Musharraf Nearly Blown Up
On any other day it would be front-page news. As Dawn notes, General Pervez Musharraf, who styles himself president of Pakistan, was very nearly killed by a powerful bomb on a bridge to Rawalpindi that went off just after his convoy had passed over it. Musharraf has in recent days cracked down much harder than ever before on the jihadi groups in Pakistan, and they have vowed to kill him. Indeed, the no. 2 in al-Qaeda, Ayman al-Zawahiri, openly called for Musharraf’s assassination in a tape broadcast on al-Jazeerah. Likewise, Musharraf has made major peace overtures to India, which are deeply unpopular with the jihadis.

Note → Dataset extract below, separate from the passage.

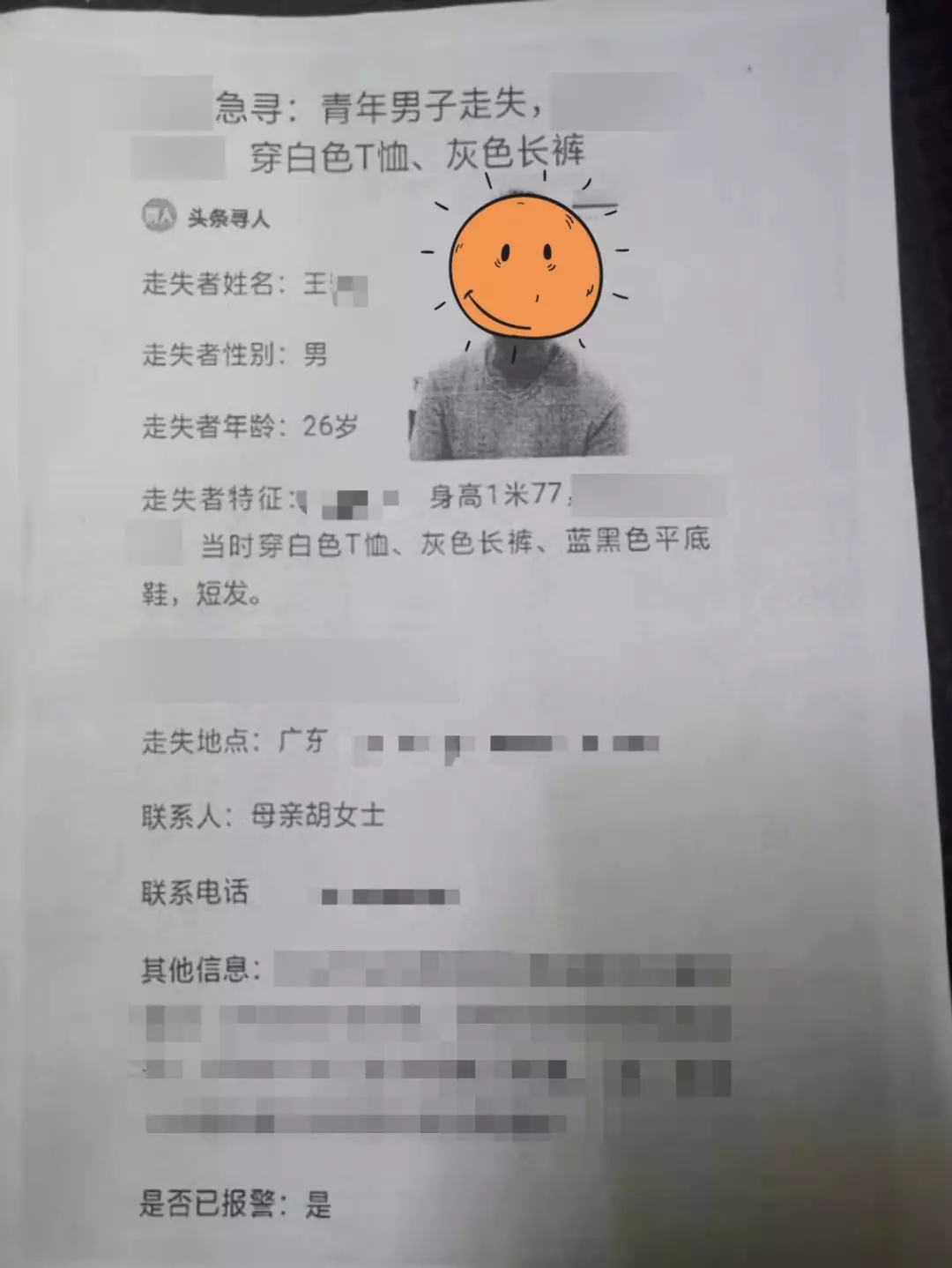 民警湯耀光立即帶隊前往尋找,最終在深圳某中學(xué)附近天橋底將走失一天的王某尋獲。民警找到王某時,其已連續(xù)步行約20小時,未進(jìn)食任何東西。隨后,民警一邊安撫該青年男子情緒,一邊扶其上車,將其帶回派出所,并當(dāng)即通知該男子父母前來接回。

Musharraf is a secularist by instinct (he grew up partially in Turkey when his father was a diplomat at the Pakistani embassy in Ankara), and has proven a valuable US ally since September 11. The Pakistani military has arrested some 500 al-Qaeda members who fled to the country from Afghanistan, and has turned most of these, including Khalid Shaikh Muhammad and Abu Zubayda, over to the United States.
Pakistan is a nuclear power, and were Musharraf to be killed and replaced by an Islamist general, that development could throw South Asia and Afghanistan into turmoil and threaten the security of the US. The incident is a reminder that despite the arrest near Tikrit, the world remains a dangerous place for the US and its allies.